Rate of Reaction

The rates of consumption/disappearance, rates of production/appearance, and the rate of reaction for a chemical reaction can be related stoichiometrically for a given time interval. The relationship for a balanced, general reaction

\[ aA + bB \longrightarrow cC + dD \]

can be written such that

\[\require{color} \mathrm{rate~of~reaction} = \dfrac{1}{a} {\textcolor{red}{\dfrac{-\Delta [A]}{\Delta t}}} = \dfrac{1}{b}\textcolor{blue}{\dfrac{-\Delta [B]}{\Delta t}} = \dfrac{1}{c}\textcolor{green}{\dfrac{\Delta [C]}{\Delta t}} = \dfrac{1}{d}\textcolor{orange}{\dfrac{\Delta [D]}{\Delta t}}\]

It is important to note the following terminology definitions:

Rate of consumption/disappearance of \(A\) = \(\textcolor{red}{\dfrac{-\Delta [A]}{\Delta t}}\) = a number
Rate of consumption/disappearance of \(B\) = \(\textcolor{blue}{\dfrac{-\Delta [B]}{\Delta t}}\) = a number
Rate of production/formation/appearance of \(C\) = \(\textcolor{green}{\dfrac{\Delta [C]}{\Delta t}}\) = a number
Rate of production/formation/appearance of \(D\) = \(\textcolor{orange}{\dfrac{\Delta [D]}{\Delta t}}\) = a number

Therefore, when referring to the rate of disappearance of a reactant (e.g. A), we are referring to the decrease in the concentration of A with respect to some time interval, \(\Delta t\). (The point here is, the phrase “rate of disappearance of A” is represented by the fraction specified above). All rates are positive. Therefore, the terms involving reactants get a negative sign in front.

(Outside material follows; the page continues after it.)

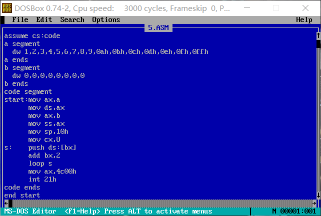 总结:这次实验做的不顺利,尤其是第5,6个实验。此次实验让我更加了解了段地址以及各种语言的运用,收获很大。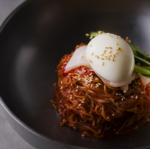 福岡・渡辺通で本場韓国の味を!釜山名物「ビビンミルミョン」がマダンセで大人気です。小麦粉から作られる独特の強いコシが特徴の麺に、釜山出身のオンマ特製の甘辛いヤンニョムダレをたっぷり絡めて味わう至高の一杯!一口食べれば、深い旨味と爽快な辛さが口いっぱいに広がり、お箸が止まりません。価格は1200円(税込)。福岡では提供店が少ない希少な絶品旨辛麺を、自慢の本格韓国料理と共にぜひ一度ご堪能くださいませ!

Stoichiometric Relationships

For the following balanced reaction

\[ \mathrm{H_2} + \mathrm{I_2} \longrightarrow 2\mathrm{HI} \] The rate of consumption of H₂ and I₂ is half the rate of production of HI.

\[ \dfrac{-\Delta [\mathrm{H_2}]}{\Delta t} = \dfrac{-\Delta [\mathrm{I_2}]}{\Delta t} = \dfrac{1}{2}\dfrac{\Delta [\mathrm{HI}]}{\Delta t} \]

This may seem strange until realizing the following:

\[\begin{align*} 2\times \dfrac{-\Delta [\mathrm{H_2}]}{\Delta t} = \dfrac{\Delta [\mathrm{HI}]}{\Delta t} \\[1ex] \end{align*}\]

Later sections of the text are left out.